Danıştay, İstanbul Sözleşmesi’ne ilişkin Erdoğan’ın kararının yürütmesinin durdurulması talebini reddetti
Tayyip Erdoğan’ın İstanbul Sözleşmesi’nden çıkılması kararı Danıştay’a taşınmıştı. Danıştay başvuru ile ilgili kararını açıkladı.
İstanbul Sözleşmesi’nden ayrılmaya dair karar, 20 Mart tarihli Resmi Gazete’de “Kadınlara Yönelik Şiddet ve Aile İçi Şiddetin Önlenmesi ve Bunlarla Mücadeleye İlişkin Avrupa Konseyi Sözleşmesinin Türkiye Cumhuriyeti Bakımından Feshedilmesi Hakkında Karar” başlığıyla yayımlanmıştı.
Asıl adı “Kadınlara Yönelik Şiddet ve Aile İçi Şiddetin Önlenmesi ve Bunlarla Mücadeleye İlişkin Avrupa Konseyi Sözleşmesi” olan İstanbul Sözleşmesi, Türkiye Cumhuriyeti bakımından feshedilmişti. Karar, 9 sayılı Cumhurbaşkanlığı kararnamesinin 3. maddesi gereğince alınmıştı. 10 yıl önce imzalanan ve Erdoğan’ın imzasıyla iptal edilen İstanbul Sözleşmesi, 1 Temmuz günü yürürlükten kalkacak. Resmi Gazete’de yayımlanan Cumhurbaşkanı Kararı’na göre, Türkiye’nin çekildiği kadına karşı şiddetin önlenmesini hedefleyen İstanbul Sözleşmesi Avrupa Konseyi’ne yapılan bildirim nedeniyle 1 Temmuz’da geçerliliğini kaybedeceği belirtilmişti.

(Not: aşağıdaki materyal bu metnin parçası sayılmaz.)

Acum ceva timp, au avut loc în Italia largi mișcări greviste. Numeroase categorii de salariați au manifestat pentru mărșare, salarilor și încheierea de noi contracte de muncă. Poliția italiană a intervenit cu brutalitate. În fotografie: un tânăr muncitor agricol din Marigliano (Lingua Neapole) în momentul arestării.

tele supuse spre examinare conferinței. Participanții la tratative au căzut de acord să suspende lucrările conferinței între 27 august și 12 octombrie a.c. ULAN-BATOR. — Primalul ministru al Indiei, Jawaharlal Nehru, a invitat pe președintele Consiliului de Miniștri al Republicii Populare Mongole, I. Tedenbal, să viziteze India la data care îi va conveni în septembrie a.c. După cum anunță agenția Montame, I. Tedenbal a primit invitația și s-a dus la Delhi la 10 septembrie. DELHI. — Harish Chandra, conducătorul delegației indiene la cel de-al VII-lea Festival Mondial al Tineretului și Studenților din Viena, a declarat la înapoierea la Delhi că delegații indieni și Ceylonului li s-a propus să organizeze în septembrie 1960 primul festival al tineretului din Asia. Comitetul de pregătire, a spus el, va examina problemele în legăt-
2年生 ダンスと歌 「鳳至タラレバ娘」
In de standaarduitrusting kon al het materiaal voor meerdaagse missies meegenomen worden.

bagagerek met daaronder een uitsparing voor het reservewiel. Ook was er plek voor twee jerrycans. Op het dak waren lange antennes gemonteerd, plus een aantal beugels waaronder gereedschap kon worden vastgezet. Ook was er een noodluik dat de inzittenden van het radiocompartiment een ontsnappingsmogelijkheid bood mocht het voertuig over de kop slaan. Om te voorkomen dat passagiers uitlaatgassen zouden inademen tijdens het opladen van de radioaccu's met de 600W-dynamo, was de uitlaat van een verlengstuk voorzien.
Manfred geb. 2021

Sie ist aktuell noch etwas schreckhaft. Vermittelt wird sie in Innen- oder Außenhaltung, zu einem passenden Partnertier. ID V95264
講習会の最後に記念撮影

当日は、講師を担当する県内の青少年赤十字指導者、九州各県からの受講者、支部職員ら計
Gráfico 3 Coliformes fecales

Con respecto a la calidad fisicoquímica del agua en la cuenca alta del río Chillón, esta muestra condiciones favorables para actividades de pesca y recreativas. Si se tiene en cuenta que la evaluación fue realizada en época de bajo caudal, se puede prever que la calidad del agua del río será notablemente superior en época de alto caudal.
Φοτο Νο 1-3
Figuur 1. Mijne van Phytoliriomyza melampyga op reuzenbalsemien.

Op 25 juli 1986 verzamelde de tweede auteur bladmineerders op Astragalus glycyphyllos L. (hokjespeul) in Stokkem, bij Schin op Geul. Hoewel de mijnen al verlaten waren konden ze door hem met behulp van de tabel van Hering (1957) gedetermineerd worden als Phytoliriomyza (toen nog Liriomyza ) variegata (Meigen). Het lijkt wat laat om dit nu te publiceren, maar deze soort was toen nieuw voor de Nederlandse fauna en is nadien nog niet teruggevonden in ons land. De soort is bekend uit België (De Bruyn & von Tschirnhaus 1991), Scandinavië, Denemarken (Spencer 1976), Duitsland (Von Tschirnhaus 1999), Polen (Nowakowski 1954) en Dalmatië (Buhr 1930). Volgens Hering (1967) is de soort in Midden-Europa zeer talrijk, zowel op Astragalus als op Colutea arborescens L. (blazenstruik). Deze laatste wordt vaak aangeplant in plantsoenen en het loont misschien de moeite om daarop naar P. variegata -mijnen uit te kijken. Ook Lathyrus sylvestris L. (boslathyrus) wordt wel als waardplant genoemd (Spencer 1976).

Cumhurbaşkanlığı Kararı ile 1 Temmuz’da Türkiye, İstanbul Sözleşmesi’nden çıkacaktı. Kararın durdurulması için Danıştay’a çok sayıda dava açılmıştı. Sözleşmeyle ilgili Danıştay 10. Dairesi’nde aralarında çok sayıda siyasi parti ve kadın örgütlerinin de de bulunduğu tüzel ve gerçek kişiler tarafından yaklaşık 220 dava açıldı.

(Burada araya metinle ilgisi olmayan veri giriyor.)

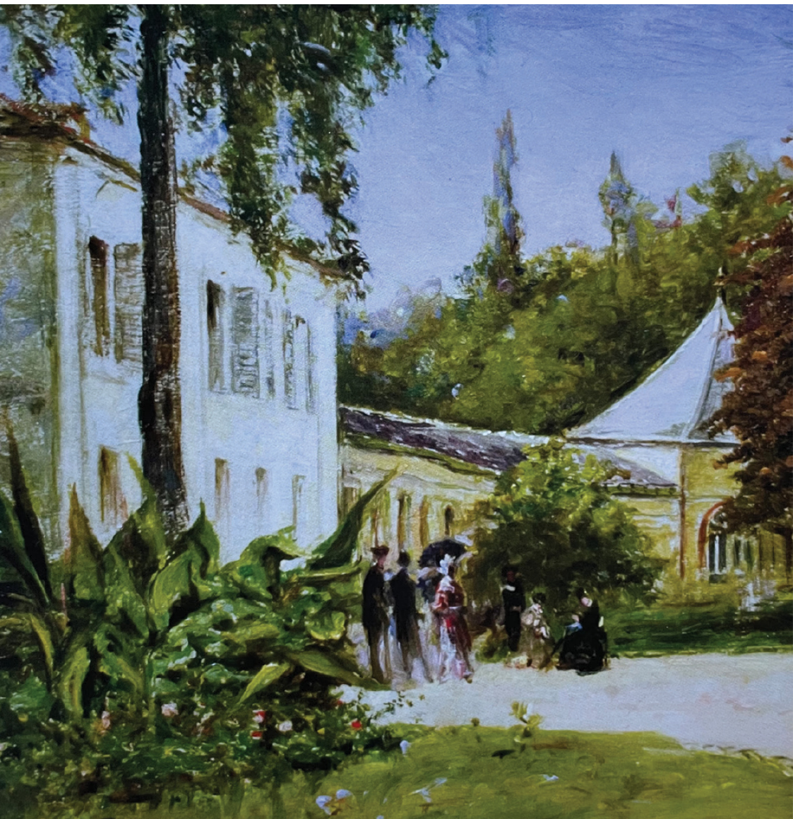
THEODOR AMAN, Plimbare in parc

Din patrimoniul MUZEULUI THEODOR AMAN, MUZEUL MUNICIPIULUI BUCUREȘTI ©
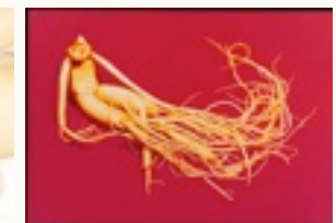
Ginseng und andere Pflanzen helfen heilen.
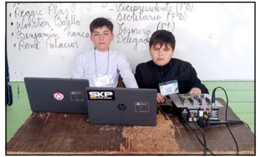
Estación de música para hacer más dinámico el 'Recreo Entretenido'.

«Lo que nosotros queremos hacer con los monitores es cambiar su liderazgo a algo positivo, ya que muchos de ellos han tenido conflictos en las salas de clases y hoy por hoy han bajado esos conflictos, se comprometieron a no descuidar el ambiente pedagógico y que van a ser parte de este proyecto, siendo una referencia para los más chicos, entonces tenían que mos-
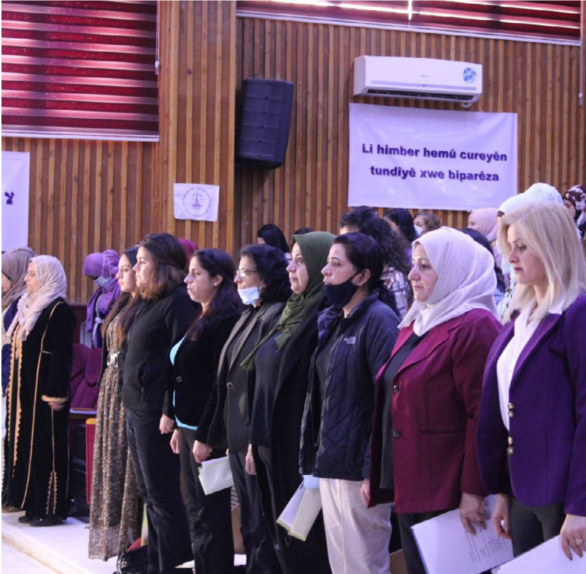
Teilnehmerinnen der Konferenz der Frauenversammlung für soziale Gerechtigkeit - 19 November 2021
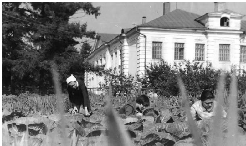
На пришкольном участке выращивали овощи

«Ученики у меня были самые лучшие! Правда, и нагрузка нешуточная. Я приду со школы, детей и мужа ужином накормлю. Они все спать, а я сижу, тетрадки проверяю»
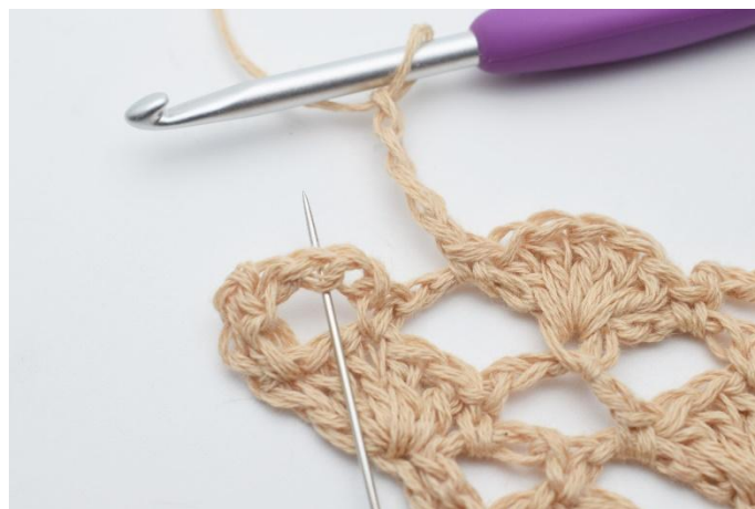
18. Lag 4 lm. I neste lm-bue, hekles
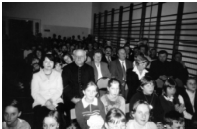
Na uroczystość przybyli goście ze Słowacji

Nasze świętowanie rozpoczęło się od złożenia kwiatów pod tablicą pamiątkową, ks. Józefa Londzina. W dalszej części obejrzelśmy uczniów w programie artystycznym, przybliżających kraje,

Dava dilekçelerinde, “kararın iptali ve yürütmesinin durdurulması” talep edildi. Danıştay 10. Dairesi, davalar hakkında nihai kararını verdi. Verilen kararda, İstanbul Sözleşmesi’ne ilişkin Cumhurbaşkanı kararının yürütmesinin durdurulması talebi reddedildi.

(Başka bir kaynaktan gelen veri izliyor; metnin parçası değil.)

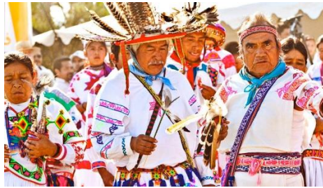
Pueblos indígenas de México.

Las minorías étnicas están formadas por personas que pertenecen al mismo pueblo o grupo étnico, por lo que comparten valores y visiones del mundo que los distinguen del resto de la población mayoritaria. Tal es el caso de los judíos que viven en países como Ecuador, México o en otros países diferentes de Israel.
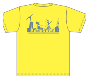
イエロー (シルバー)
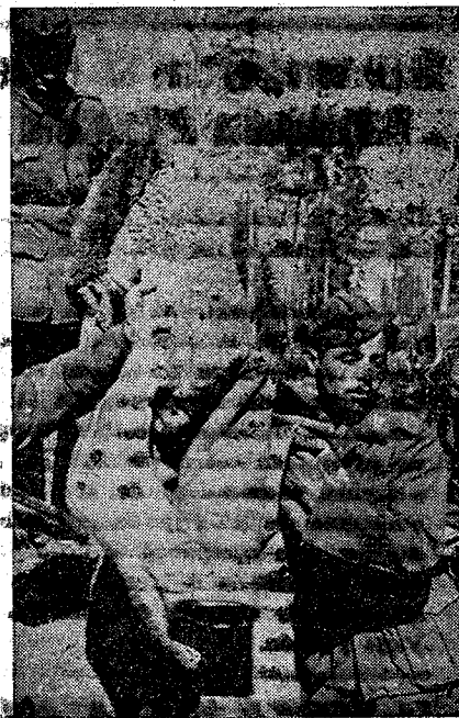
Ha llegado el buen tiempo. Los soldados de la División Azul se despojan de sus prendas de invierno

LISBOA.—Ni aún los más optimistas hubieran podido imaginar el éxito real de público y de calidad en el espectáculo que ha obtenido la velada gimnástica hispano-lusa. El Coliseo es un caserón gigantesco con más de 20.000 personas que de Teatro. El precio de las localidades era más bien caro, superior desde luego, al de cualquier otro programa en Lisboa. Esa noche, la feria popular está en pleno furor de los días inaugurales. La gimnasia rítmica como espectáculo, no deja de ser a cierta altura de la exhibición, un tanto aburrida para el espectador ordinario, aunque apasione al entendido.
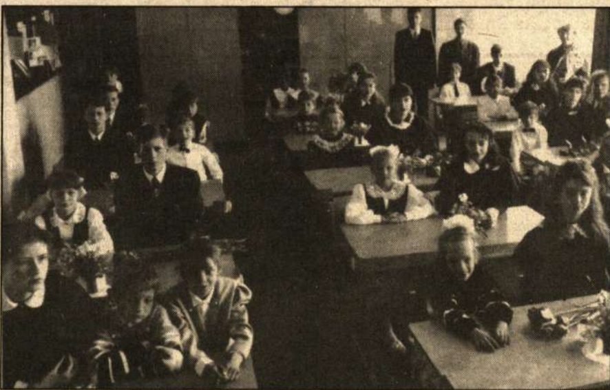
Grupė Kupiškio 2-osios vidurinės mokyklos abiturientų kartu su pirmokais paskutinio skambučio dieną.

Pastaba: Norėjome, kad ši mūsų kolektyvinė nuomonė būtų viešai pareikšta "Kupiškėnų mintyse", tačiau jų redaktorius A. Briedis mūsų laišką spausdinti atsisakė. Dėl to jį pateikiame "Atgaivos" laikraščiui.
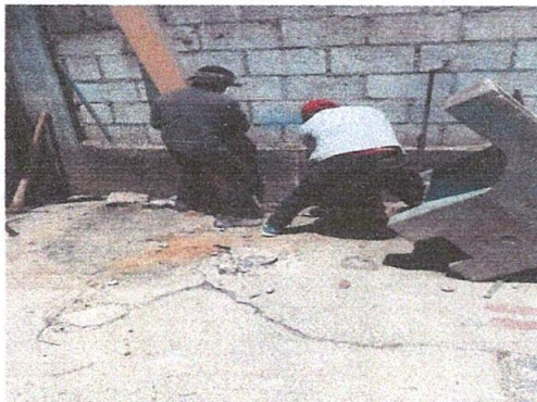
Foto 3: Quintando parales para colocar costanera de metal en el área de los baños

Cumhurbaşkanlığı’nın dün Danıştay’a gönderdiği 7 sayfalık savunmada, İstanbul Sözleşmesi’nden çekilme kararının iptali istemiyle açılan davaların “haksız ve hukuki dayanaktan yoksun” olduğu gerekçesiyle reddi istenmişti. Sözleşme’den çekilme kararının “Cumhurbaşkanı’nın yetkisine tabi olması” gerekçesiyle yargı denetimi dışında olduğu ifadeleriyle, Sözleşme’nin Cumhurbaşkanlığı kararı ile feshedilmesinde Anayasa aykırılık bulunmadığı savunulmuştu. Yine Sözleşme’den çekilme kararının, “kadınlara yönelik şiddetin önlenmesi hususunda hukuki olarak veya uygulama bakımından bir eksikliğe yol açmayacağı” öne sürülmüştü.